In 1975, DiMarzio agreed to build wax-potted, four-conductor pickups for B.C. Rich, and these were used until B.C. Rich began designing their own in the late 1980s. Early in the 1970s, Neal Moser was brought on board to design and supervise the electronics. His contribution was a wiring harness with coil taps, a phase switch, a Varitone, and a defeatable active preamp (or two in some models). This electronics package continues to this day on higher-end models.

Beginning in 1976, serial numbers began as a stamped 6 digit number starting with the year and ending with the number of production (600037 would be the 37th guitar built in 1976).

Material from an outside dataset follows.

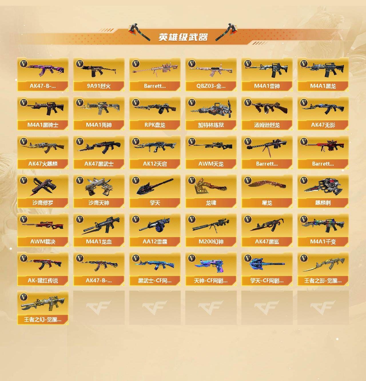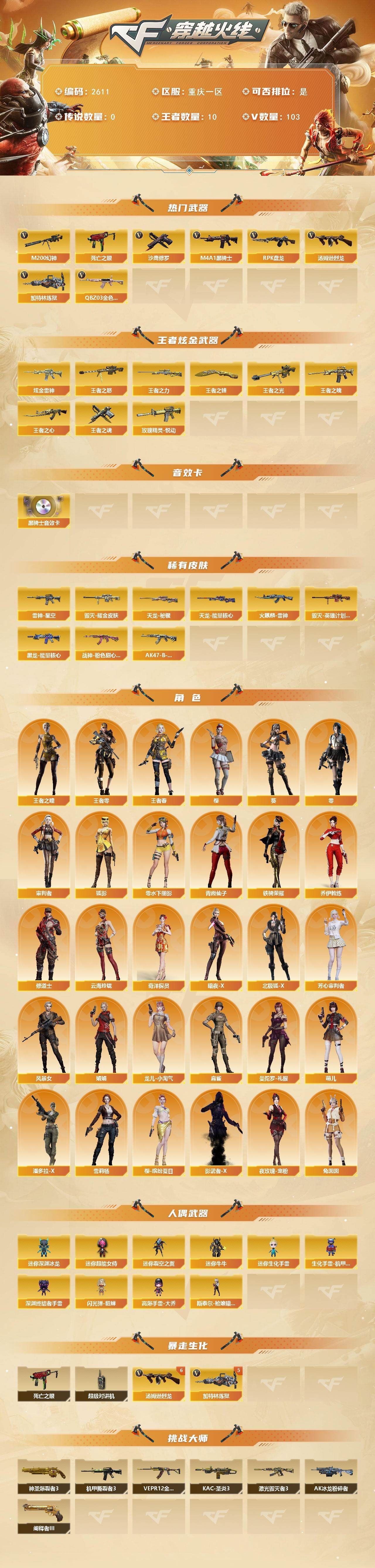 可二次可排位 重庆一区-103V-9王者武器数-2炫金武器数【热门武器】:QBZ03-金色蔷薇*6,M200-幻神,死亡之眼,M4A1-黑骑士*4,汤姆逊-烈龙*11,RPK-盘龙*3,加特林-炼狱*5,沙鹰-修罗*6【王者炫金武器】:玫瑰精灵-悦动,王者之魄,王者之心,王者之光,王者之怒,王者之力,王者之魂,王者之锋,炫金雷神*2【音效卡】:M4A1-黑骑士音效卡【皮肤】:雷神-星空,火麒麟-雷神*2,毁灭耀金皮肤,毁灭-英雄计划 皮肤,黑龙-能量核心,战神-粉色甜心皮肤,AK47-B-常胜将军-刘备,天龙-秘银,天龙-能量核心【角色】:零,葵,樱,审判者,王者-零,王者之瞳,4防王者春,狐影,奇洋探员,乔伊教练,修道士,云海玲珑,暗夜-X,北极狐-X,芳心审判者,风暴女,娟娟,零-水下丽影,龙儿-小淘气,麻雀,曼陀罗-礼服,萌儿,潘多拉-X,青霞仙子,铁骑荣耀,兔囡囡,雪莉杨,夜玫瑰-宠粉,樱-缤纷夏日,影武者-X【人偶武器】:斯泰尔-枪娘暗刃,迷你深渊冰龙,迷你裂空之翼,迷你牛牛*2,迷你生化手雷,生化手雷-机甲核心,深渊终结者手雷,闪光弹-貂蝉,高爆手雷-大乔,迷你超能女侍【暴走生化】:死亡之眼,超级对讲机【挑战大师】:神圣爆裂者III,AK47-冰龙粉碎者,VEPR-12-金魔,激光毁灭者III,机甲撕裂者III,KAC-圣炎切割者III,阐释者III【英雄级武器】:M4A1-千变*2,AK47-火麒麟*7,M4A1-黑龙*2,M4A1-雷神*4,M4A1-黑骑士*4,AK47-无影,M4A1-死神,AK47-黑武士,AK12-天启,AK47-黑鲨,M4A1-龙血*3,QBZ03-金色蔷薇*6,9A91-烈火,王者之影-觉醒版,王者之幻-觉醒版,AK-47-猩红传说,AK47-B-战神,AK47-B-常胜将军,黑武士-CF网剧冠军,AWM-天龙,Barrett-毁灭*5,Barrett-极光,AWM-裁决*2,M200-幻神,Barrett-金色蔷薇*2,RPK-盘龙*3,加特林-炼狱*5,汤姆逊-烈龙*11,AA-12-雷霆,沙鹰-修罗*6,沙鹰-天神*2,天神-CF网剧冠军,屠龙*7,龙啸*2,擎天*3,麒麟刺,擎天-CF网剧冠军【道具】:战舰背包,炫彩背包,背包-洛丽塔,超级背包,迷你冰龙背包,圣拳猎手-炽雪,妩媚妖姬,黄金生化钩,绿色巨人,灵魂忍者*2,变异宝贝,迷雾幽灵,生化弹匣,夺命之镰,防化服*2,热带奇洋表情,防弹头盔*7,防弹衣*5,C4工具钳*3,手雷包*5【特殊枪械】:4黑骑士,6烈龙,3盘龙,5炼狱 各种道具详情看截图、低价出售找回包 赔、截图展示段位不代 表实际段位,如赛季更新等不可抗拒因素发生变化、时限道具不保证所剩时间、标题未写送点劵默认不送【卖号买号首选亿梦】
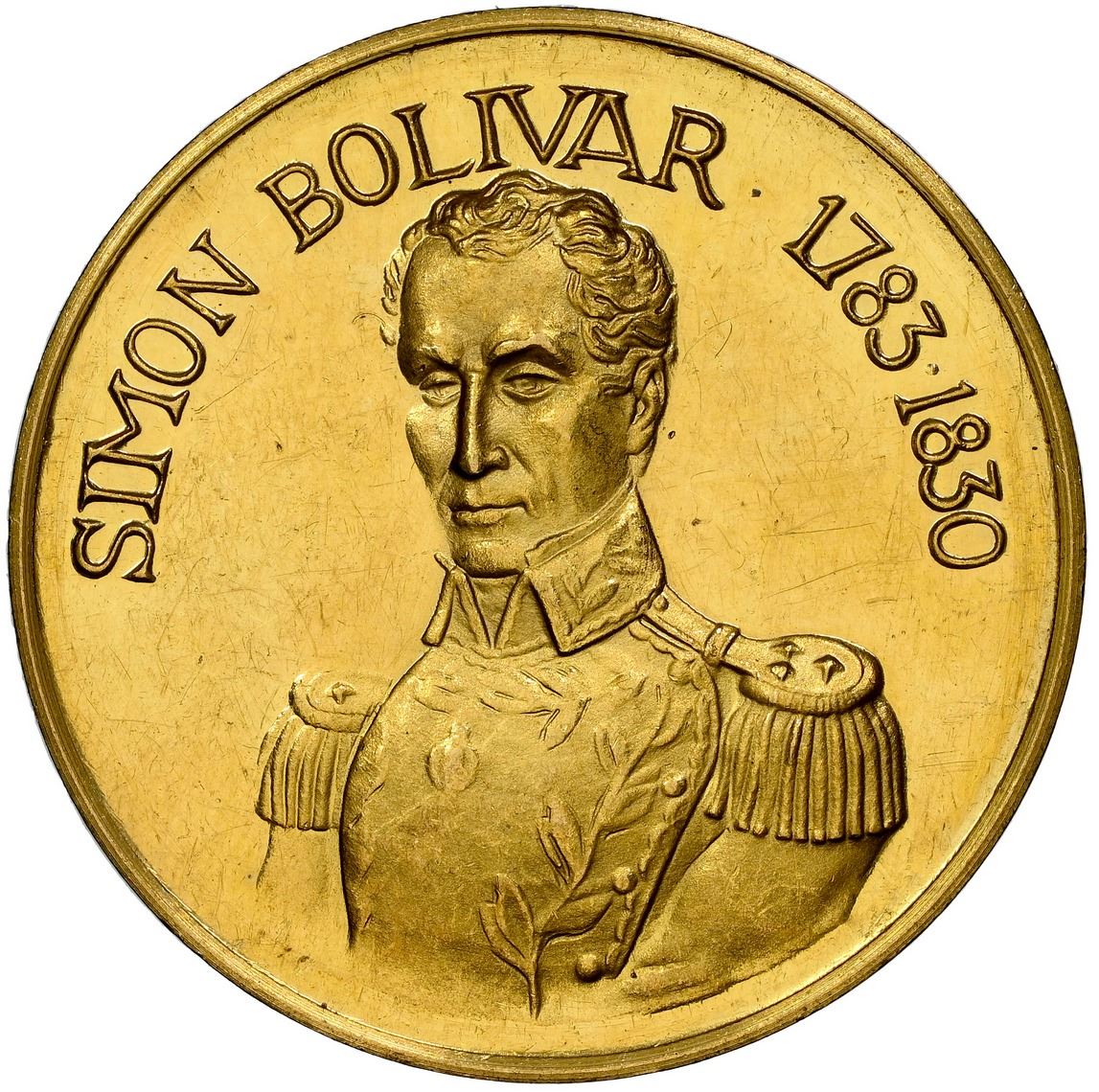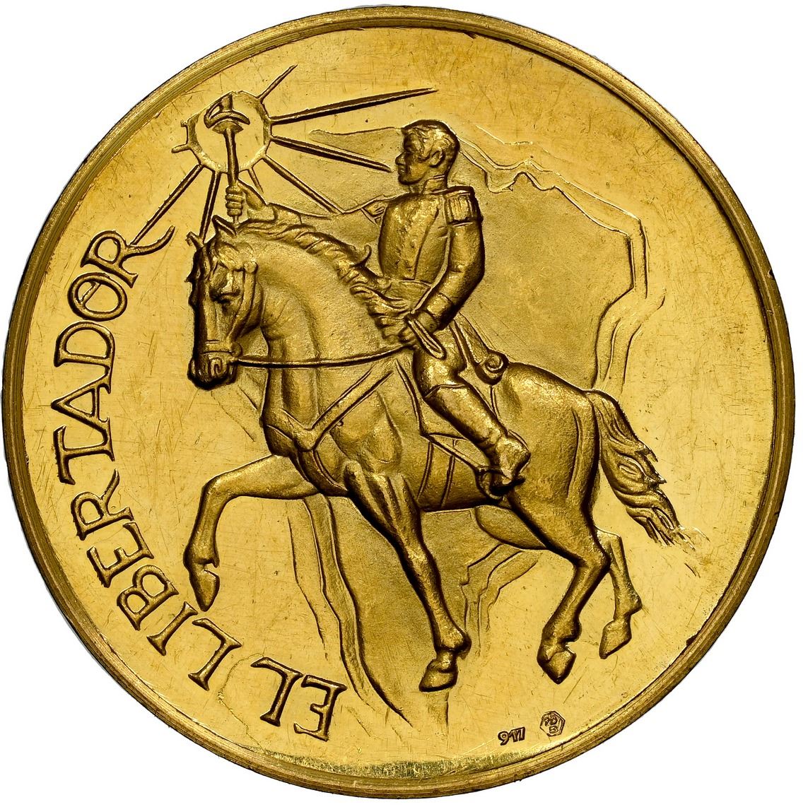Spain, gold proof medal, (1970), inauguration of the Simon Bolivar monument in the Parque del Oeste de Madrid by the Instituto de Cultura Hispanica. 10.42 grams; 28mm. Obverse with uniformed bust of Bolivar below legend SIMON BOLIVAR 1783-1830; reverse with Bolivar on horse, holding sword handle up to the sun, with frosted silhouette of South America in the background, legend EL LIBERTADOR to left, tiny hallmark and fineness marking 917 (22K gold) at bottom. Brightly lustrous UNC with bagmarks and light hairlines, also a curious strike-through-fiber error between EL and LIB.

The numbers became increasingly inaccurate through the 1980s, ending up about 4 years behind, due to the quantity of guitars produced in a year often exceeding 1000 (i.e. a 88xxx serial number guitar would have been built in 1984). After the company was purchased by Class Axe in 1989 production of the hand-made, neck-through models was halted for several years, although GMW (Neal Moser) supplied some stock made from rejected then repaired bodies hand built through the years. After Class Axe took over there were a number of different serial schemes designated for the American, Asian and Bolt-on guitars.

Seagull
The Seagull shape was uncomfortable for some to play due to the sharp upper point, and the sharp lower point that dug into the leg sitting down. It was redesigned several times to include a smoother lower point, and a Junior version with simpler electronics, then a pointless version which is quite rare. Finally it morphed into the Eagle shape with no sharp points.

Stealth
The Stealth was designed by Rick Derringer. Chuck Schuldiner owned several B.C. Rich guitars. In 2008, B.C. Rich released the Chuck Schuldiner Tribute Stealth, as well as a handcrafted version, with a portion of the proceeds going directly to Schuldiner's family. In 2021, B.C. Rich announced the Chuck Schuldiner Stealth.

Eagle
This model was made popular by Brad Whitford of Aerosmith and Neil Giraldo, who played his Eagle on some of the early Pat Benatar albums and videos.

Mockingbird

The Mockingbird model was designed by Johnny "Go-Go" Kessel. It was made popular by Joe Perry of Aerosmith and Lita Ford of The Runaways. The Mockingbird experienced a resurgence in the early 1990s through Guns N' Roses lead guitarist Slash after he played one on the Use Your Illusion world tour. David Ellefson of Megadeth played a Mockingbird bass in first years of the band.

The B.C. Rich ("Bich")
The B.C. Rich "Bich" ten-string guitar was developed by Neal Moser, a sub-contractor for Bernie Rico (B.C. Rich) from 1974 to 1985. During his time with B.C. Rich, Moser conceived, designed, and built the first prototype. He then licensed the design to B.C. Rich. The guitar was introduced as the "Rich Bich" at the 1978 NAMM Show as a custom-order model.

The original Bich is a six-course instrument, but with four two-string courses. The top E and B strings are strung as unison pairs, and the G and D strings as pairs with a principal and octave string, in the manner of the top four courses of a twelve-string guitar. The A and lower E strings are single-string courses. This unusual stringing was meant to obtain the brightness of the twelve-string guitar, while allowing higher levels of distortion before the sound became muddy.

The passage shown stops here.